Da konnte man ja nur froh sein, dass die Mauer nicht auch noch mitten im Wasser stand…




Hitze macht dumm im Kopf

Heute war wieder so eine Nacht. Eine Taxischicht, die man sich einfach nicht wünscht und die nur nervt. Keine Ahnung, vielleicht ist die Hitze mit Schuld daran.

Die City West voll, wegen der Leichtathletik-Europameisterschaft ist der nördliche Breitscheidplatz für Autos gesperrt. Und natürlich bekam ich als Erstes einen Funkauftrag zum Hotel Palace: Hinweis: Über Kurfürstenstraße anfahren. Nur stand dort leider eine Polizeisperre und die eingesetzte Beamtin war besonders schlau. Denn obwohl ich gar nicht bis zum Platz durchfahren wollte, ließ sie mich nicht durch, mit der Begründung, der Platz wäre gesperrt. Meinen Einwand, das Hotel wäre vor dem Platz und ich würde dann auch wieder umkehren, wenn ich meinen Fahrgast hätte, interessierte sie nicht. Da könnte ja jeder kommen und sowas behaupten. Ich zeigte ihr den Auftrag im Display, was sie mit der Bemerkung konterte, das könne mir ja auch jeder zuschicken. Da während Diskussion die Durchfahrt auch für „berechtigte Fahrzeuge“ versperrt war, kam nun einer ihrer Kollegen und wollte mich wegschicken. Ich bestand darauf, zum Hotel durchfahren zu können. Er: „Na dann fahren Sie doch!“ Seine Kollegin ging wortlos aus dem Weg, plötzlich ging es also.
Vor dem Hotel angekommen wartete natürlich niemand. Der Doorman wusste von nichts. Ich rief die Zentrale an und nach einer Minute sagte sie, der Fahrgast wäre wohl schon weg. Super. Zum Glück habe ich vorher nicht schon eine Stunde am Taxistand gestanden, um dann eine Fehlfahrt zu haben.

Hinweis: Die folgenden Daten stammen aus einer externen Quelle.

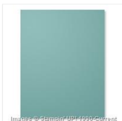
Lost Lagoon 8-1/2" X 11" Cardstock - 133679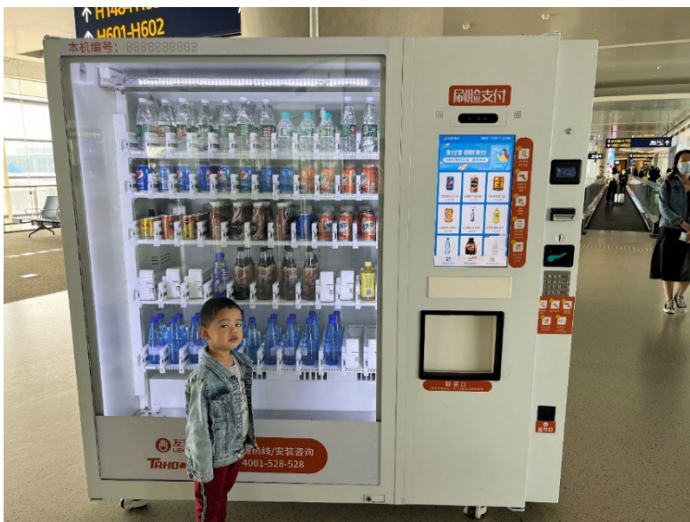
Exhibit 3: A vending machine that uses facial recognition for payment

Moreover, there are numerous high-tech vending machines across Chinese cities that use facial recognition technology, which allows a purchaser to pay for an item by scanning his or her face. For instance, to buy a drink from these new-generation vending machines (see Exhibit 3), one only needs to stand in front of the interface screen to initiate the facial recognition, which upon a successful transaction will drop the chosen drink into the dispensing outlet. This is done without the need for cash or the use of any payment app on a smartphone.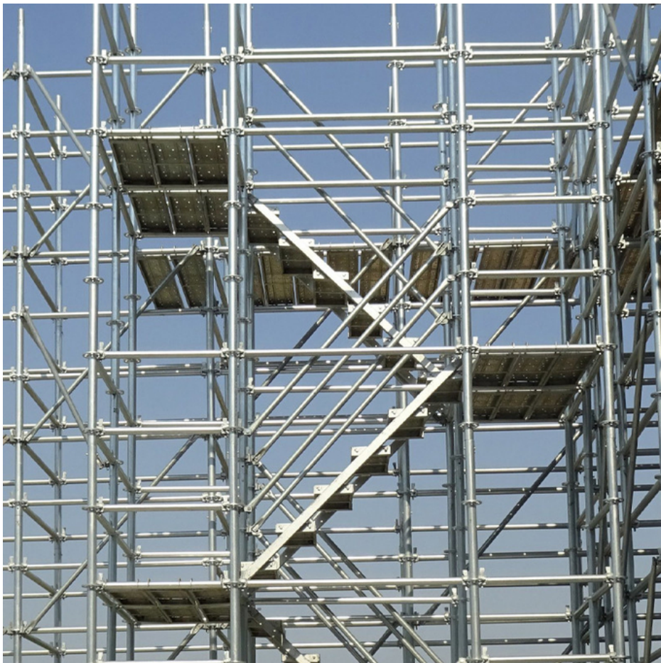
Participate in projects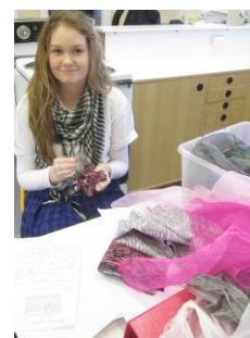
Hard at work with Textiles & Design

Practical experiences are integrated throughout the content areas and includes experimental and project work. HSC students are very busy putting the finishing touches to their Major Textiles Projects, along with the supporting documentation, ready to submit to the Board of Studies for marking.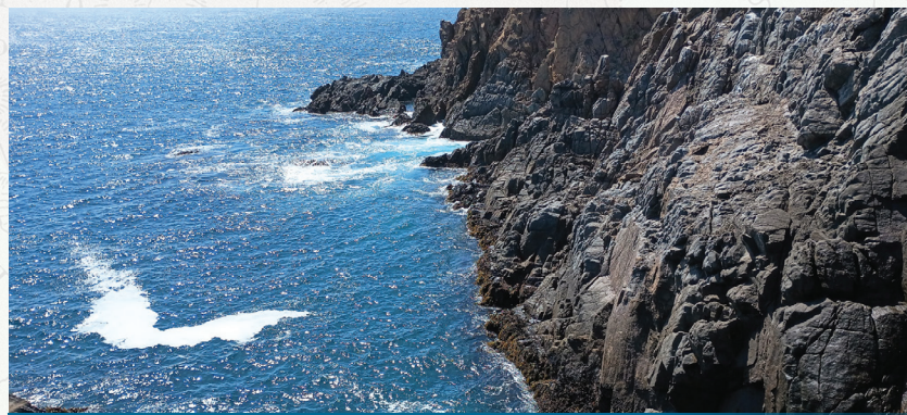
Ensenada's rocky coastline provides a breathtaking backdrop!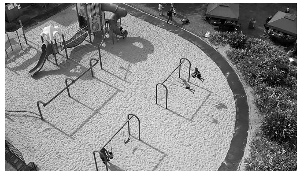
The Employee Playground.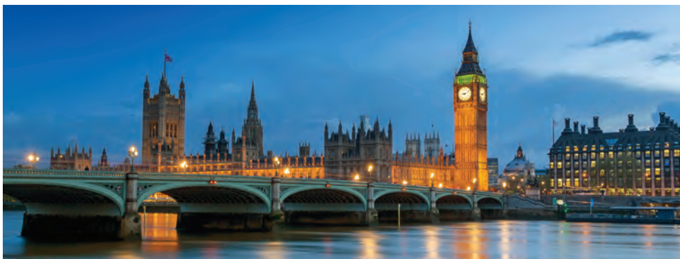
The Thames and Palace of Westminster, London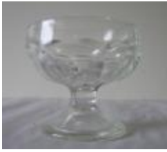
Dish, Ice Cream (2003.6.1.F)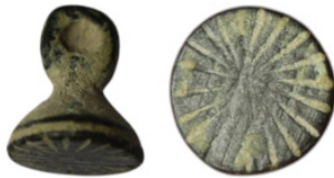
715 Ancient bronze stamp seal (11mm, 1,38g)

Das kam erst am frühen Abend. Genau 69 Minuten Warten an der Taxihalte Savignyplatz, die um diese Zeit eigentlich ganz gut läuft. Dann ein Funkauftrag, ein superteures Hotel am Steinplatz. Von dort geht es oft in die City Ost, ich freute mich schon auf eine hoffentlich ertragreiche Tour. Es wurde gerade Grün, ich raste die 200 Meter bis zur Uhlandstraße, dann links abbiegen. Keine zwei Minuten nach dem Losfahren kam ich am Hotel an. Reingehen, melden, fragende Gesichter an der Rezeption. Sie hätten kein Taxi bestellt, vielleicht die Bar nebenan? Auch die wussten von nichts. Mehr als eine Stunde umsonst rumgestanden, meine Laune war auf dem Niveau des Straßenbelags. Dazu die unerträgliche Hitze, die vor allem negative Gefühle noch verstärkt.

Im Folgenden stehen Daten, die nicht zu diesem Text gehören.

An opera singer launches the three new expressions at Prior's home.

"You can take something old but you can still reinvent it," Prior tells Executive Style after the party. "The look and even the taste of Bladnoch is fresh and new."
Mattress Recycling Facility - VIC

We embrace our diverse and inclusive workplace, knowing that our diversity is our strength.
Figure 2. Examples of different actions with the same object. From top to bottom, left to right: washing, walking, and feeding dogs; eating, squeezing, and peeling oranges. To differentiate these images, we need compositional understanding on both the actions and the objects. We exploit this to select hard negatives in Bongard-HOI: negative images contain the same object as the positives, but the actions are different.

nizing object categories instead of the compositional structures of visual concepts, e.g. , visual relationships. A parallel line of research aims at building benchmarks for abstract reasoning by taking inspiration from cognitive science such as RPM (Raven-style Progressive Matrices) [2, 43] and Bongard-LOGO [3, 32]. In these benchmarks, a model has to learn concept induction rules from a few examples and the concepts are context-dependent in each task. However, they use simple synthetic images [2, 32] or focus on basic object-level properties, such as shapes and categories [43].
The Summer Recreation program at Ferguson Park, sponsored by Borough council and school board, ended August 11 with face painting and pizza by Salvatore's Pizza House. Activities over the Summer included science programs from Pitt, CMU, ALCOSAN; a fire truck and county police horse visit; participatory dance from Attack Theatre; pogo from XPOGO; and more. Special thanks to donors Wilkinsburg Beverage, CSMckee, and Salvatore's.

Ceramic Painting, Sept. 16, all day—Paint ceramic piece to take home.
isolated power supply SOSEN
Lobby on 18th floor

Aber ich schluckte es runter, Frust gehört beim Job dazu, man muss damit umgehen. Ich fuhr nun den Kudamm hoch und runter und hatte auch bald eine Fahrt nach Steglitz. Am Ziel angekommen fiel der Dame auf, dass sie kein Geld dabeihatte. Und auch keine EC- oder Kreditkarte. Und auch zuhause sei kein Geld, versicherte sie mir gleich mehrmals. Ansonsten schien sie die Tatsache aber nicht zu stören, dass sie die Taxifahrt nicht zahlen konnte. Stattdessen fragte Sie frech: „Und, was wollen Sie nun machen?“ Sie sah es überhaupt nicht als Problem an.

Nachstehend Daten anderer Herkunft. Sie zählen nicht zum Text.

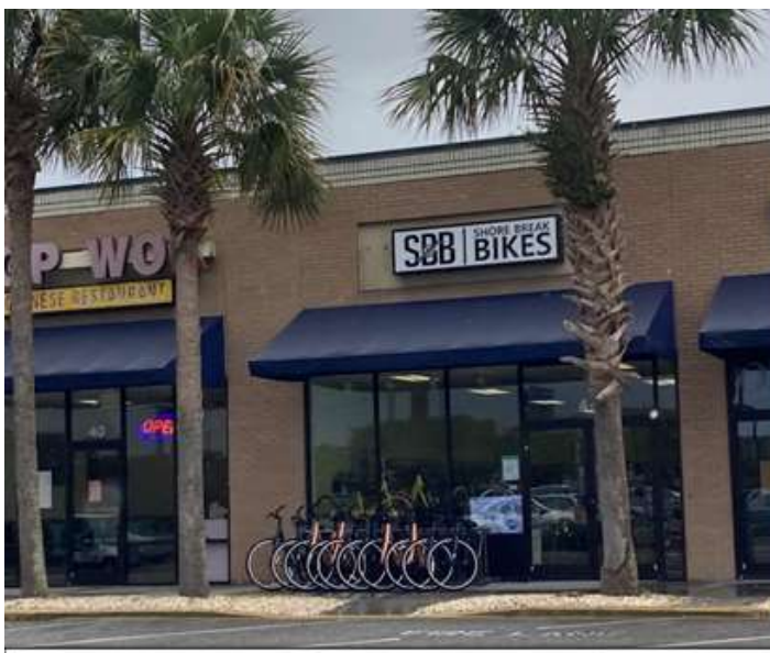
1401 Lake Park Blvd N Ste 44 – CB Bikes and Fitness – New owner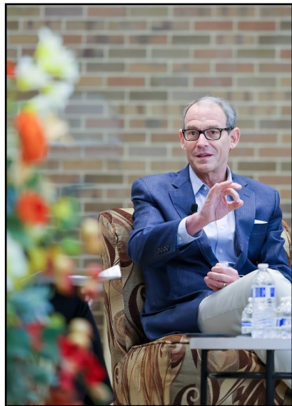
Distinguished Speaker Daniel Silva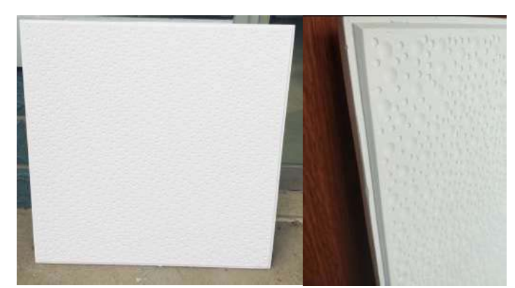
Slate Polka – circular perfed in dual diameters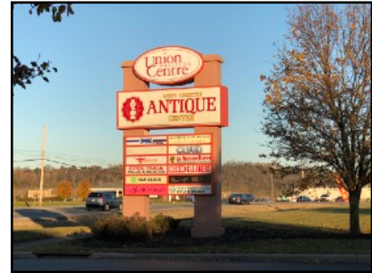
Outparcel available also for sale ($350,000/acre)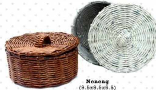
Neneng (9.5x9.5x6.5) Design By Salam Rancage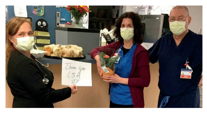
The Emergency Department team says thank you to Lewis County Search & Rescue for lunch donated during COVID.

*Does not include Post-Retirement Benefit Obligation (GASB75) (GASB68) 2019, 2020, 2021 financials audited by Fust Charles Chambers LLP.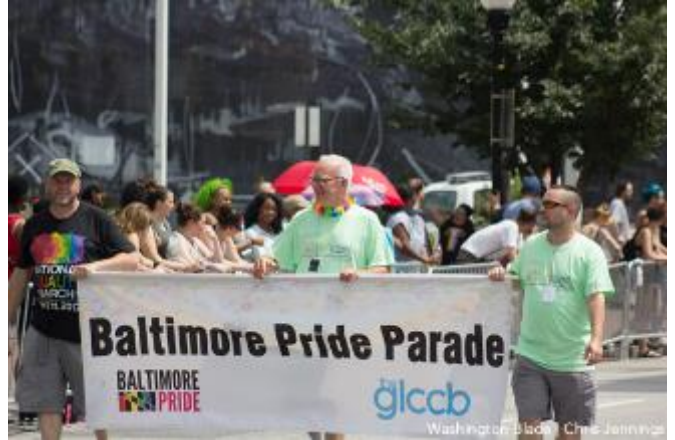
The Baltimore Pride parade was held on Saturday, June 17.

We started as two churches, grew to eight that year, 20 the following year, etc. Those faith groups now number in the 40’s. We don’t speak of churches anymore because there are four synagogues and two Buddhist groups that participate. Not everyone marches on Saturday (obviously the Jewish groups can’t) some are very small – but all apparently desire to be known as a member of a faith organization that supports LGBTQ rights and is a welcoming community.

Ich war nun richtig sauer und sagte, dass ich die Polizei rufe, dann würde es eine Anzeige wegen Betrugs geben. Das würde dann sehr viel teurer als eine Taxifahrt. Plötzlich brüllte sie mich auf Russisch an, wahrscheinlich Beleidigungen, die ich glücklicherweise nicht verstand. Dann stieg sie einfach aus, ging auf die Haustür zu, schloss sie auf und drängte sich rein.

Ich rannte hinterher und konnte gerade so verhindern, dass sie die Tür schloss. Nun schrie ich sie an, dass das eine Sauerei ist und dass sie eine Kriminelle wäre. Sie ließ sich nicht beeindrucken, ging nach oben. Ich hinterher, um der Polizei später sagen zu können, wohin sie verschwunden sei. Doch sie klingelte an einer Tür im zweiten Stock. Dort sprach sie mit einer Nachbarin und bekam von ihr einen 20-Euro-Schein. Den reichte sie mir, nicht ohne mich wieder auf Russisch zu beschimpfen. Ich sah sie verächtlich an und tappelte zurück zum Taxi.

Zwei, drei Stunden später verschlug es mich noch zum Olympiastadion. Hier finden derzeit die Hauptveranstaltungen der Leichtathletik-EM statt. Es war fast alles vorbei, nur noch vereinzelt kamen Leute raus. Da sonst kein Taxi da war, wartete ich einige Minuten am Olympischen Platz. Tatsächlich steuerten schon bald drei Leute auf mich zu, ein mittelalter Mann und zwei recht junge Frauen. Schon während er mir das Fahrtziel „Crowne Plaza Hotel“ nannte, merkte ich, dass er einen aggressiven Ton hatte. Ich fragte, welches Crowne Plaza er meinte, denn es gibt zwei davon. Er wiederholte genervt und betont langsam: „Crowne Plaza Hotel“. Meine Frage, ob das in der Nürnberger Straße oder in der Halleschen Straße beantwortete er, indem er den Namen ein drittes Mal aufsagte.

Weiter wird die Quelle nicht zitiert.